The administration tries to avoid these questions by saying health care is unique because it is inevitable, unpredictable and costly. But that isn’t a constitutional principle. And, in any event, it doesn’t prevent future intrusive health care mandates.

Assuming the individual mandate meets the “necessary” test, it must also meet the “proper” test, which the Supreme Court has said is satisfied only if a law is consistent with “the letter and spirit of the Constitution.”

On its face, the individual mandate fails that test.

• It abandons the long-standing legal principle that legally binding contracts require mutual assent and cannot be coerced. This crosses a line the federal government has never crossed and effectively tramples on “The powers … reserved … to the people” under the 10th Amendment.

• It is inconsistent with the fundamental concept of self-ownership that underlies the theory of natural rights in the Declaration of Independence — the idea that we own ourselves and, therefore, have the right to be left alone as long as we honor the equal right of others to be left alone.

Beyond that, the administration’s expansive view of the commerce power creates a sea of federal power limited only by islands of individual rights (and limits on using the commerce power to regulate noneconomic activity), and that is inconsistent with the letter and spirit of the Constitution:

• It imposes virtually the same limits on federal and state power and, therefore, effectively gives the federal government the same police powers as the states.

• It puts liberty at risk by relying entirely on individual rights to protect us against things such as mandated doctor visits and exercise. For example, the Supreme Court has found an unenumerated “right to liberty” only where there is no harm to others. The courts could easily decide that skipping annual physicals or living a sedentary life harms others by raising medical costs for some and insurance premiums for all.

The administration downplays the threat to liberty posed by the individual mandate by arguing:

• The federal government imposes mandates all the time. The reality: The only existing federal mandates are registration for military conscription, jury duty and census participation. These are all essential to the very existence of the federal government and therefore considered fundamental duties of citizenship.

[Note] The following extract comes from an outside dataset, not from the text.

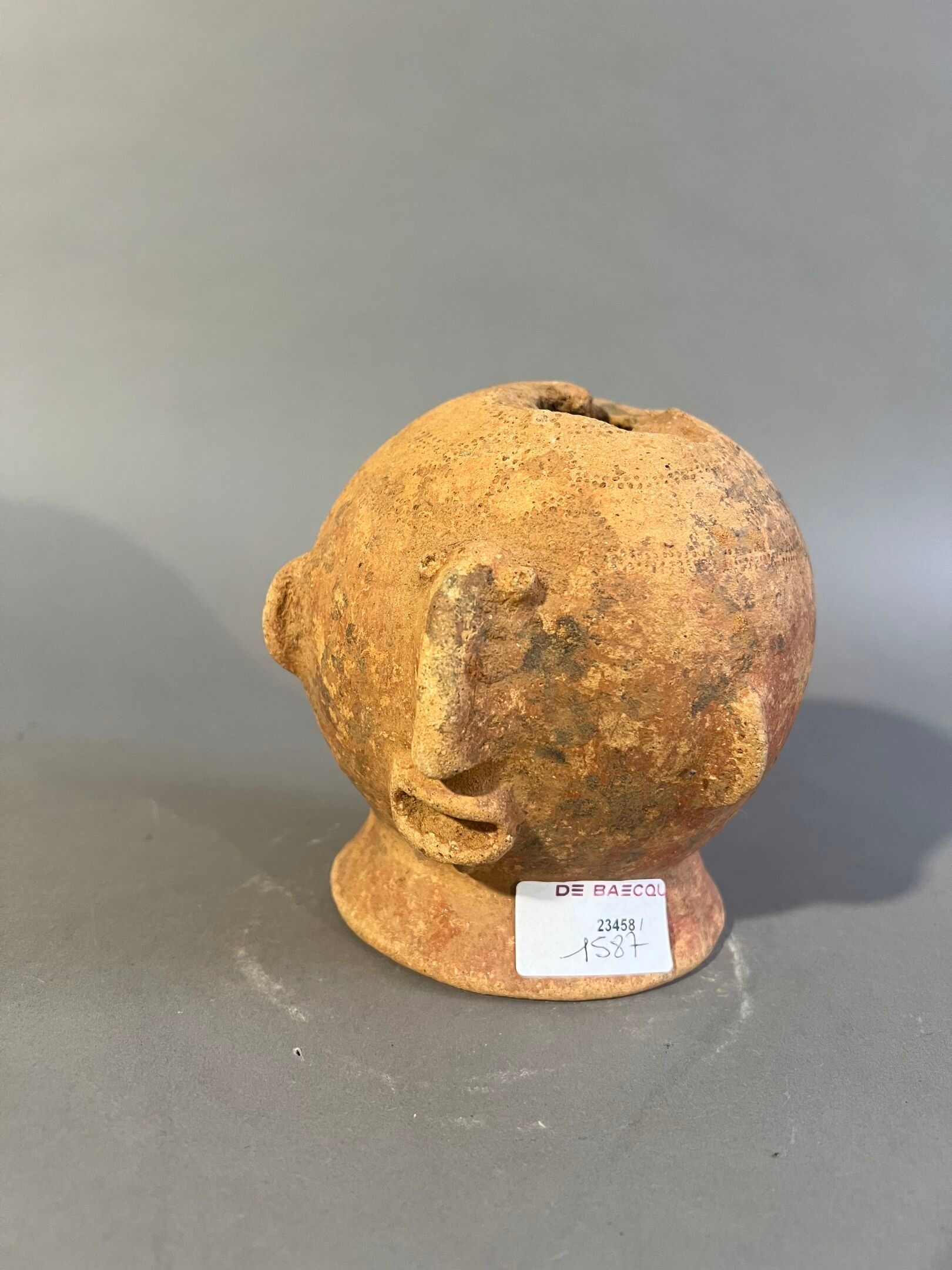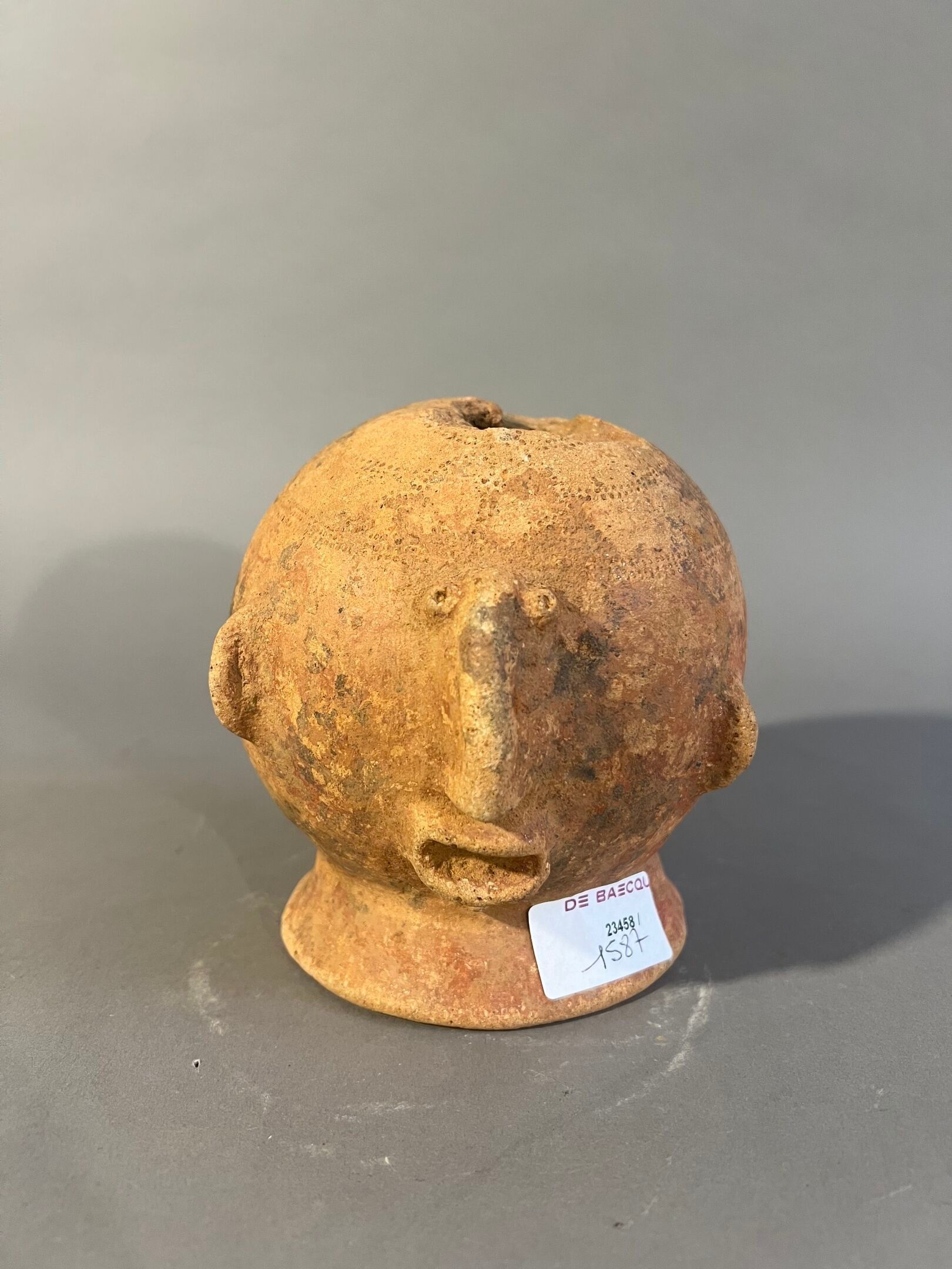 The body of the upside-down vessel shows a face with prominent features in relief.

• Mandates are no more intrusive than the regulation or prohibition of chosen activity. The reality: A dozen prohibitions of chosen activity leave you free to do an infinite number of things. A dozen mandates can potentially occupy all of your time and consume all of your financial resources.

• Congress can achieve the same thing through its taxing power, such as by imposing a tax and giving a rebate if the taxpayer purchases health insurance. The reality: That doesn’t mean Congress can use the commerce power to impose mandates, and because narrowly targeted mandates are politically easier to impose than broad-based tax increases, they are a greater threat to liberty.

Ultimately, the Obama administration’s arguments on the “necessary” test undermine its arguments on the “proper” test and render the individual mandate unconstitutional.

Jack Painter is the founder of Liberty Alliance Cincinnati and is on the board of the Ohio Liberty Council.